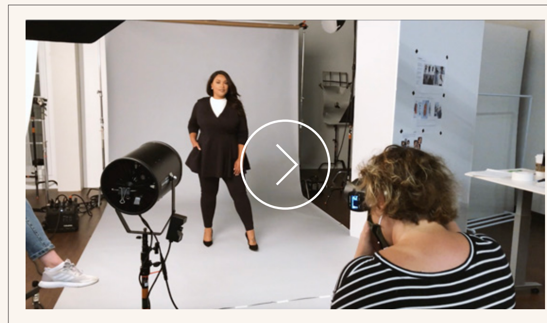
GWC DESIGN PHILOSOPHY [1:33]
...
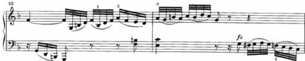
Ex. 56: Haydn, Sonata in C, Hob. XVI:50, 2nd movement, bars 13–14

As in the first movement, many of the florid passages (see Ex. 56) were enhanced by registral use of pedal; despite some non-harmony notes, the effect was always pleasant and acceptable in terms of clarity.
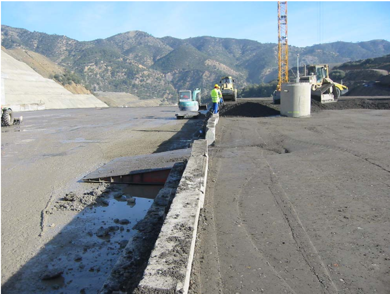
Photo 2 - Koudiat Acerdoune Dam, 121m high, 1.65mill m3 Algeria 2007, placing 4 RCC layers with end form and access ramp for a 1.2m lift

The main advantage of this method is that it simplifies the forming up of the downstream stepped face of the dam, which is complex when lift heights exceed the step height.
* * *
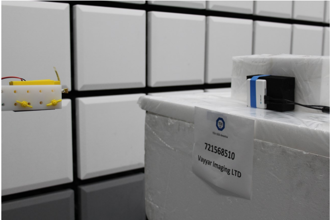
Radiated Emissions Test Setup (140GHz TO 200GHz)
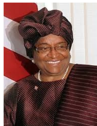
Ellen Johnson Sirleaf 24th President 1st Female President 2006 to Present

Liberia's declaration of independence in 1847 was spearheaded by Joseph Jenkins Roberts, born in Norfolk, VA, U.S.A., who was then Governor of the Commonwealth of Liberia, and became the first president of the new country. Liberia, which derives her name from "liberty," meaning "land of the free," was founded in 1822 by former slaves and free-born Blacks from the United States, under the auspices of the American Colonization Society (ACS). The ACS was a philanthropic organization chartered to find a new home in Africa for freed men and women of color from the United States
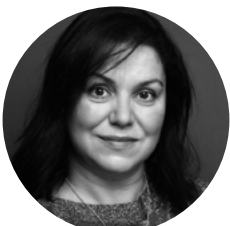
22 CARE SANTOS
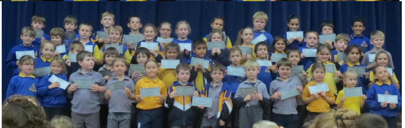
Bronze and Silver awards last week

* Task description
In the records above, find the line with "Radiated Emissions Test" and the line with "Bronze and Silver awards last week"; please transcribe exactly those two lines and all lines between them, omitting any picture.

* Exercise answer
Radiated Emissions Test Setup (140GHz TO 200GHz)
Ellen Johnson Sirleaf 24th President 1st Female President 2006 to Present

Liberia's declaration of independence in 1847 was spearheaded by Joseph Jenkins Roberts, born in Norfolk, VA, U.S.A., who was then Governor of the Commonwealth of Liberia, and became the first president of the new country. Liberia, which derives her name from "liberty," meaning "land of the free," was founded in 1822 by former slaves and free-born Blacks from the United States, under the auspices of the American Colonization Society (ACS). The ACS was a philanthropic organization chartered to find a new home in Africa for freed men and women of color from the United States
22 CARE SANTOS
Bronze and Silver awards last week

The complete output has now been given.